Fam. Bakker en de terskerij,
Fam. van der Tol, leanbedriuw
Fam. Hoeksma transportbedriuw
Kade23
Om maar bij de laatste te beginnen.
Dit bedrijf is klein begonnen, het begon met Simon Jellema met een hondenkar.
Later zoon Andries met Kedde en wagen die o.a. een beurtdienst onderhield op Harlingen, daarna zoon Jippe die begon met een tweedehands vrachtwagen.
Eerst nog de beurt op Harlingen erbij, maar toen dat minder werd begon hij al snel andere goederen te vervoeren o.a. bloembollen en groenten.
En nu dus de transportzaak die mee doet in een rij transporteurs, waar ons land 'net swak yn byspilet'.
Het heeft wel een aanloop gehad van meer dan 100 jaar.
Van der Tol hat it op dit sté mei syn leanbedriuw net sa lang makke.
Het grote werk van de ruilverkaveling was bijna klaar en omdat er geen opvolger was en van der Tol al aardig op jaren, ging het bedrijf over naar de landbouwcoöperatie "De Bjirmen" in Oosterbierum.
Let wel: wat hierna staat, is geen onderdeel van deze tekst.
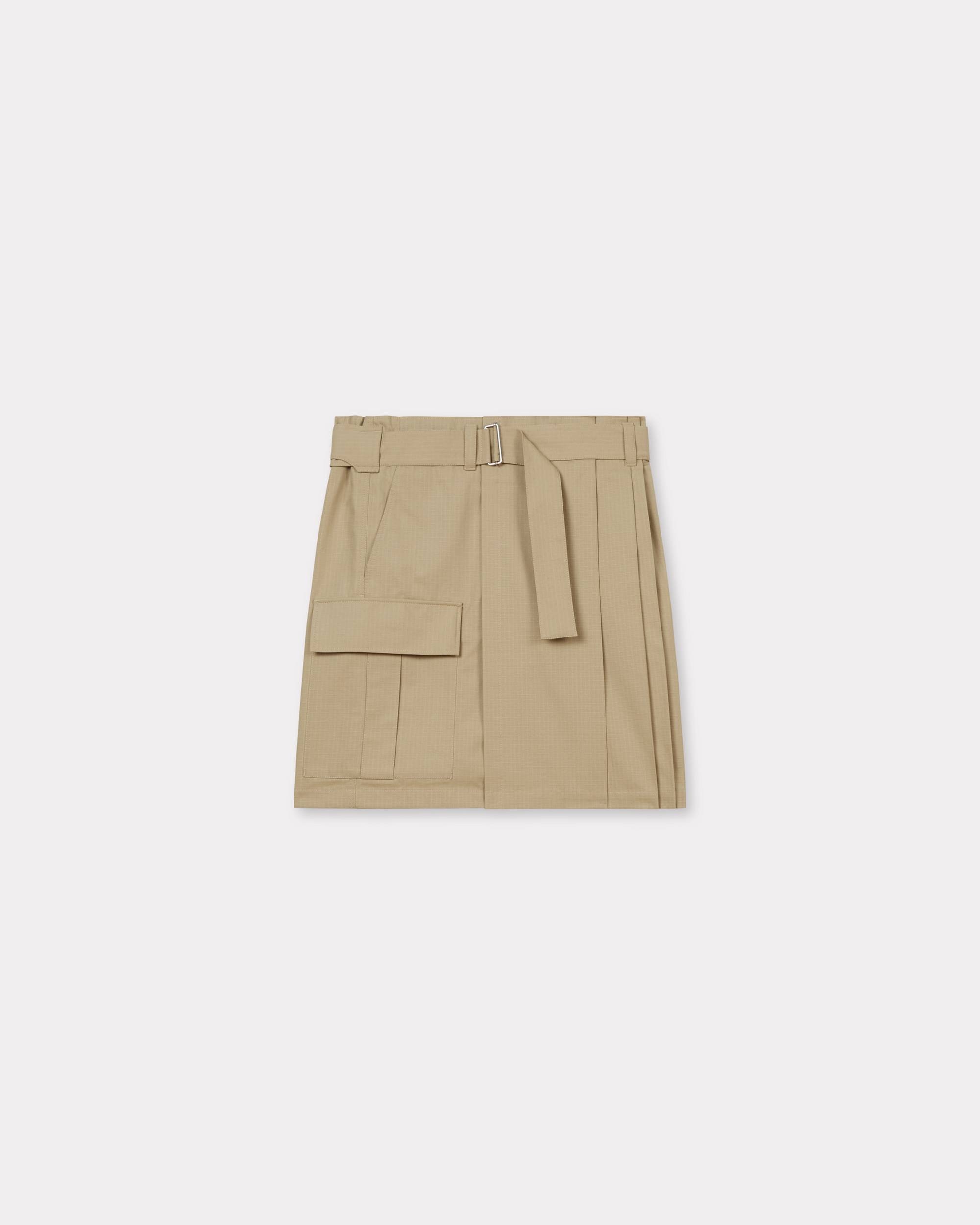Cargo knee skirt. Cotton ripstop. 2 seam pockets. 2 patch pocket at side with flap and large pleats at front. Elasticated band at back and belt to adjust the waist. Bicolor 'KENZO Paris' label at side pocket. Product Reference: FF52JU2989DL.11 SIZE & FIT The model is 175 cm tall and is wearing size S. Back length at 60 cm. COMPOSITION & CARE Made in Bulgaria 100% cotton Do not bleach Mild professional dry-cleaning in: hydrocarbons Iron at low temperature Line drying in the shade Do not tumble dry 30°C very mild fine wash Very mild professional wet-cleaning

Jelle Hoeksma is nu eigenaar van een stukje Seisbierrum Súd" waar lange tijd Fam. Bakker "foar master opsloech".
En het begin is goed.
Waar Fam. Van der Tol niet aan toe kwam, daar begonnen Jelle en Saap mee, nl. een "homeije" die voor een ''kastieltsje" niet zou misstaan.
Tot 1900 gebeurde het dorsen bij de boeren voor het grootste gedeelte met handkracht.
Maar die mechanisatie kwam ook hier van de grond, overgewaaid vanuit Amerika 'Yn ús bouhoeke en yn Grinslân" kwamen de dorsmachines om de hoek kijken.
Bij ons was dat de Fam. Hendrik Bakker.
We weten het niet precies, maar het zal ± 100 jaargeleden zijn, dat de 'terskmasine" hier zijn intrede deed.
Eerst werd het graan nog met de "sichte" gemaaid.
Maar: "Sikkels blinken, sikkels klinken" raakte als snel uit de tijd.
Ook de "zelfbinders" staan reeds lang in het museum.
Want de 'mânske meanterskers" kunnen twee dingen tegelijk.
En dat ligt in de lijn van deze tijd.
En we moeten toegeven al dat nieuwe brengt ook wel veel positieve dingen mee.
Jarenlang heeft de "terskmasine een protte stof omheech jage".
En aangezien de wind vaak west was, kreeg de Statsjonswei meestal de volle laag.
Men hoeft maar een paar dakpannen op te schuiven of men ziet"it tsjef” van 100 jaar oud tussen de panlatten liggen.
De fam. Bakker gaf ook in de dorpse leefgemeenschap mee de toon aan en was bij velen in aanzien.
Van 1900 tot ± 1945 is de dorsmachine met de oude locomobiel (die met steenkool gestookt werd) in gebruik geweest maar "it lochje" is daarna weer vervangen door een zware tractor en zal zelf wel in het één of ander rusthuis voor "áld ark bedarre wêze".
In de muur van het woonhuis kan men een steen vinden met de naam van de eerste steenlegger: Intina Bakker, want het huis van Fam. Bakker is weer opnieuw, opgebouwd na de rampzalige brand van 1923.
Philippus Bakker volgde syn heit Hindrik op.
De laatste opvolger Hendrik jr. is enkele jaren geleden op ander avontuur uitgegaan nl. naar Canada en hiermee is er een punt gezet achter het werk en de aanwezigheid van de fam. Bakker in Sexbierum.
En Jelle zal wel zien waar het verder heen gaat.